In the course of my work, I had to quickly come to terms with different IT delivery models, which meant to leverage a set of well-known offshoring providers in India and China, which are embedded into a set of master service agreements, with commercially focused evaluation systems. The content has been around application development and maintenance, system maintenance, and data centre services.
In this kind of framework, the technology skills are seen as a commodity and the commercial approach to negotiate with Indian or Chinese providers, or in future Vietnamese or South African, are key considerations.
The first trip led me to a set of different typical offshoring cities including Hyderabad (India). I visited several different business parks and found that most companies are co-located in the same campuses. During lunch time, I realised some formal meetings taking place in an otherwise casual environment. I asked my companions about it and found that these are recruiters and head-hunters.
It seems many people worked for different service providers (Indian, US or European) in the same campus. During internal meetings later on, many of the staff members gave a review of their prior employers and again, a large selection of local and foreign IT services companies was mentioned by almost every single person.
That was an interesting finding and my first thought was about intellectual property. Some people admitted taking all useful documents along to their new employers. Some seemed to have developed a method of circulating in different companies in a short time, in order to push their careers. This is not unique to a country or a company, but appears to be a trade of this industry.
Furthermore, I found that in many projects, the resources offered are entirely junior and more experienced resources are just participating in key meetings or conference calls, leaving the actual work to teams with only basic knowledge. To validate some of these findings on the skills and to better understand the quality delivered, I did a set of quick source code reviews and the result was not at all encouraging.

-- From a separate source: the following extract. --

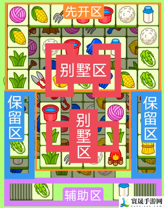一个工字型大别墅,一个方十字形大别墅。开局先消除橙**。然后按照一层层均匀消除表面牌。哪里压牌比较多就先消除哪里。必要时可以用盲盒区辅助消除表面牌。尽量还是以别墅区互相消除为生。蓝**有叠牌,但是不多,全部保留到后期使用。
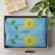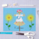 Cute Blonde Pigtails Scarecrow avec de grands tournesols, pour personnaliser en changeant de nom sur votre couleur arrière - plan

Technical excellence, as defined in a higher degree of reusability, stability, scalability, inter-dependence of specific vendor solutions, maintainability, ability to be extended by different developers and importantly enough security concerns (for example, internal fraud), needs to be a generic and important requirement, to enable companies building longer-term IT solutions.
Based on that experience, the following question comes up: How can we evolve the offshoring and outsourcing model in general to ensure improved quality and to build the appropriate technology and services platforms?
The first step was to ensure all stakeholders are more closely involved and are accountable for their deliverables. The introduction of a system delivery life cycle (SDLCs) is a key tool, to teach business, IT, and service providers which artifacts and design work need to be generated, before anyone starts coding or setting up systems.